With the development moving forward, John D. Rockefeller Jr. replaced the opera house development with the Rockefeller Center complex; this included a 70-story skyscraper, the RCA Building, which opened in 1933. Young Rockefeller Center architect Wallace Harrison would be approached some 20 years later by officers of the New York Philharmonic Society and the Met to develop a new home for both institutions.

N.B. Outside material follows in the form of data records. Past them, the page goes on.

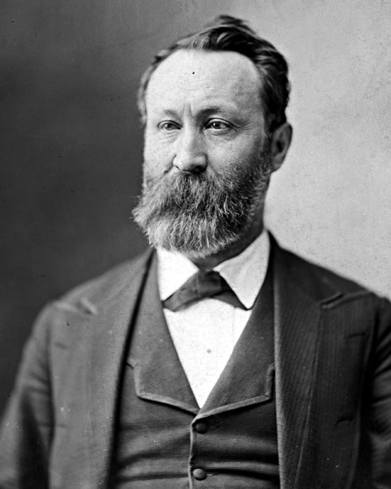 William M. Robbins, US Representative from North Carolina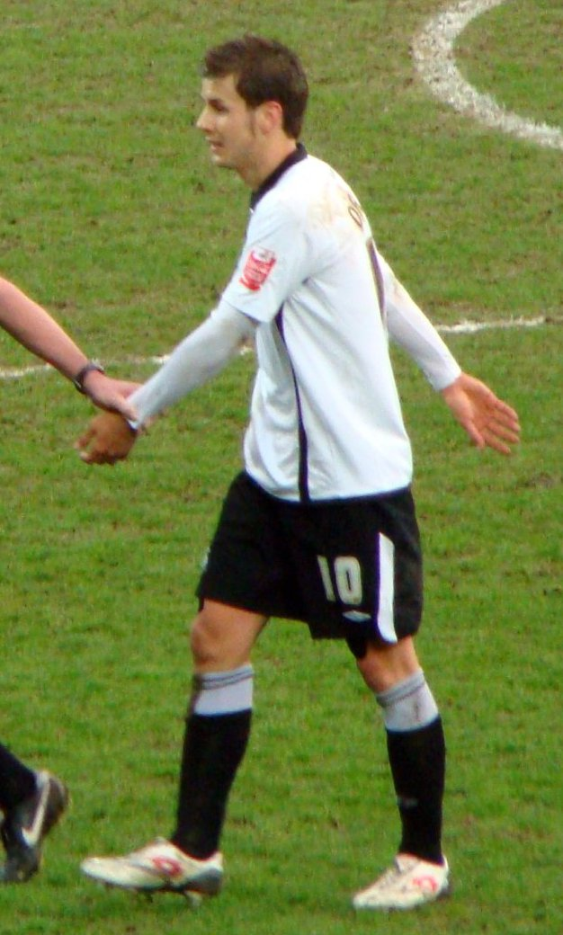 Andrea Orlandi 03/04/10 Cardiff V Swansea, Chamionship, Cardiff City Stadium, Cardiff, Wales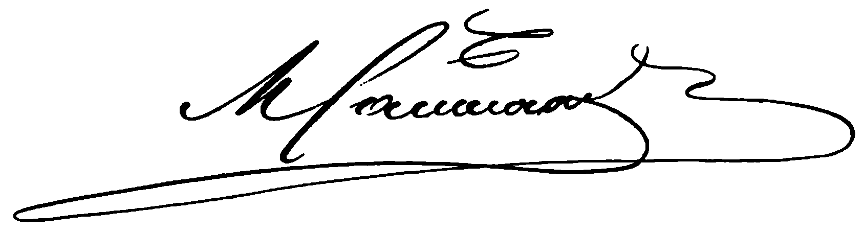 Signature of Mikhail Saltykov-Shchedrin

As chief architect again for the development of Lincoln Center, Harrison was chosen to design the new opera house, to be built as the centerpiece of the new performing arts complex- a twenty-five acre, eighteen block site on the Upper West Side, chosen by Robert Moses as a major urban renewal and slum clearance project. After a long process of redesigns, revisions, and opposing interests (provided by the Met wanting a more traditional design for its home, and the conflicting wishes of the architects of the other Lincoln Center venues), construction of Harrison's forty-third design of the Metropolitan Opera House began in the winter of 1963, the last of the three major Lincoln Center venues to be completed. Construction delays due to the finishing of the neighboring New York State Theatre (in time with the opening of the 1964 World's Fair), resulted in the excavation site being nicknamed "Lake Bing" after then-Met General Manager Rudolf Bing.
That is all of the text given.